Mattapan was originally settled by Neponset Native Americans. In their language, “Mattapan” means “a good setting down place” and refers to where they would pull their canoes out of the Neponset River.
Although it is now considered to be a separate neighborhood, it was originally part of Dorchester until that town was annexed by the City of Boston in 1870. Today Mattappan is considered to be west of Dorcheser, south of Roxbury, east or Roslindale and Hyde Park, and north of Milton.
In the late 19th Century, Mattapan like so many of the annexed Boston suburbs, grew rapidly due to it being linked to downtown Boston by streetcars and rail lines. One of the early links from Mattapan to the city opened in December 1847 as the Dorchester and Milton Branch Railroad. Today in addition to buses, Mattapan is linked to Boston by the Ashmont- Mattapan trolley line and Commuter Rail..
In the 1950s a large number of Jews lived in Mattapan, but the neighborhood started to shift from a middle class to a working class enclave.
In the 1960s, several banks decided to accommodate a growing Black population in Boston with two techniques. Redlining is drawing maps with drawn areas within which mortgage discrimination was practiced. Blockbusting was selling to Blacks on an all White block to prompt other Whites to sell at a panic discount while incoming Blacks paid more. The result was that in a few short years in the late 1960s and early 70s, Whites fled to the suburbs and Mattapan became a primarily Black neighborhood.
Today, the area is going through a change again as Caribbean Blacks are replacing African Americans. Mattapan now has the largest Haitian population of any community in Massachusetts.
The commercial center of Mattapan is along Blue Hill Avenue and at Mattapan Square, where Blue Hill Avenue, River Street, and Cummins Highway meet. This is where many of the banks, restaurants, and retail shopping can be found.
A highlight of the community is the new Mattapan Branch of the Boston Public Library which opened in 2009, at a cost of more than $4 million.
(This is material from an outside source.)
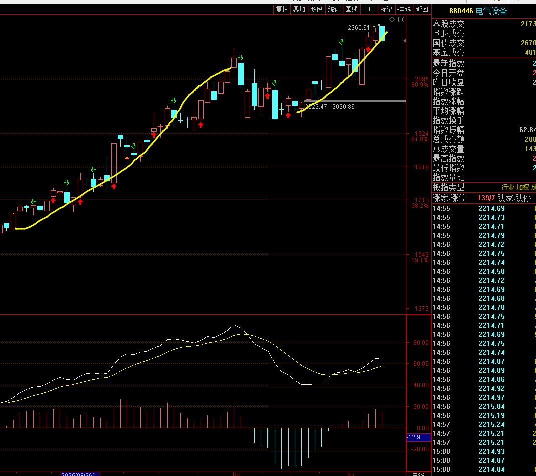 今天电气设备和光伏设备以及电池这里我要给大家浇一点冷水,上星期五直播间我就给大家讲了电气设备不太行,可能有回调,今天电气设备指数盘中跌了将近2%。电气设备指数而且是高位的穿头破脚的阴包阳走势,上星期五光伏设备和电池我是明着讲继续看多,但是现在通过60分钟和120分钟去看盘,电气设备有短期见顶的信号,光伏设备和电池明天如果不继续上涨也有可能见顶。在今天中午直播当中给大家多次提示到光伏设备大家不要再去追了。底部还没有怎么动的是周线反转的光伏设备个股还可以看一看,其他出现大阳线的个股一定不要去追涨。在电池领域,我们手中还有一个st众合科技,300477 ST合纵我第1次买入是在9月5号2.17成交的,后来套了百分之十几,第2次买入是10月21号,总共10万股。成本价2.02,这6天ST合纵大涨40%,看看仓位

Mattapan has a population of 38,000 in an area of less than four square miles. The community is 77% Black, 10% Latino, 4% White, with less than 2% Asian and other races. The median age is 27 for men, 32 for women. 31% of the people living there are in families of married couples, while 28% are single mother households compared to less than 8% for Massachusetts as a whole. Less than half the people in Mattapan were born in Massachusetts, compared to 2/3 for the state as a whole. In Mattapan 30% of the residents are foreign born.
Only one in four residents has a four year degree. Just 5.9% of the population works in management, less than half for the state as a whole. Exactly the opposite is true with service occupations 24% work in service industries here, double the state’s average. When it comes to work in computer based occupations only 1.3% work in this field here, about a quarter of the numbers compared to the state as a whole.
Although there are fewer cars per household here compared to Massachusetts as a whole, half the workers drive to work. More than a third take public transportation.
Predominantly residential, most housing stock in Mattapan was built before 1950. A full third of all units were built before 1939. Mattapan has a mix of public housing, small apartment buildings, single family houses, two family homes, and triple deckers, three family homes, although some of these joined under a single roof to make six family residences. Most of the apartments in Mattapan have 4-5 rooms. The most common rental available is a 2 bedroom apartment. Half the renters moved to Mattapan after 1996. The median rent in Mattapan is $848 a month. There is no rent control.